ReviewGABAA receptor-acting neurosteroids: A role in the development and regulation of the stress response

•GABAA receptors (GABAARs) curtail stress-induced activation of the HPA axis.•Stressful challenges evoke de novo brain synthesis of GABAAR-active neurosteroids (NS).•NS inhibit the output of CRF-releasing neurones of the hypothalamus.•NS actions in the hypothalamus are blunted in rodent models of early-life adversity.•NS may be important molecular messengers in the programming of the stress-response.
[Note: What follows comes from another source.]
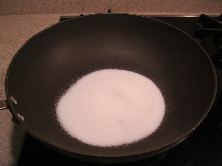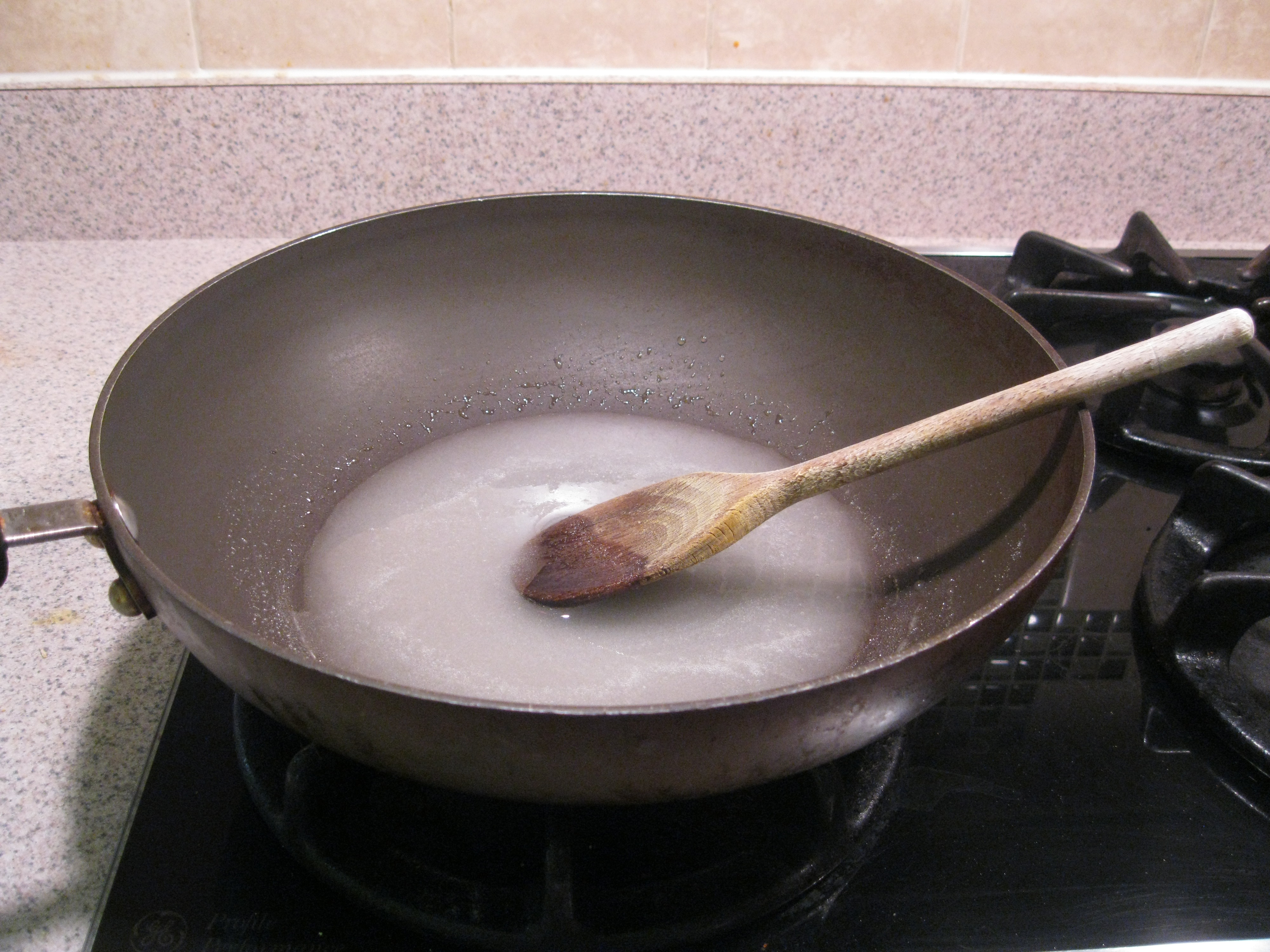 - In a heavy bottomed vessel or good non-stick pan, combine the sugar and water and place the pan on a low to medium flame.

Regulation of hypothalamic-pituitary-adrenocortical (HPA) axis activity by stress is a fundamental survival mechanism and HPA-dysfunction is implicated in psychiatric disorders. Adverse early life experiences, e.g. poor maternal care, negatively influence brain development and programs an abnormal stress response by encoding long-lasting molecular changes, which may extend to the next generation. How HPA-dysfunction leads to the development of affective disorders is complex, but may involve GABAA receptors (GABAARs), as they curtail stress-induced HPA axis activation. Of particular interest are endogenous neurosteroids that potently modulate the function of GABAARs and exhibit stress-protective properties. Importantly, neurosteroid levels rise rapidly during acute stress, are perturbed in chronic stress and are implicated in the behavioural changes associated with early-life adversity. We will appraise how GABAAR-active neurosteroids may impact on HPA axis development and the orchestration of the stress-evoked response. The significance of these actions will be discussed in the context of stress-associated mood disorders.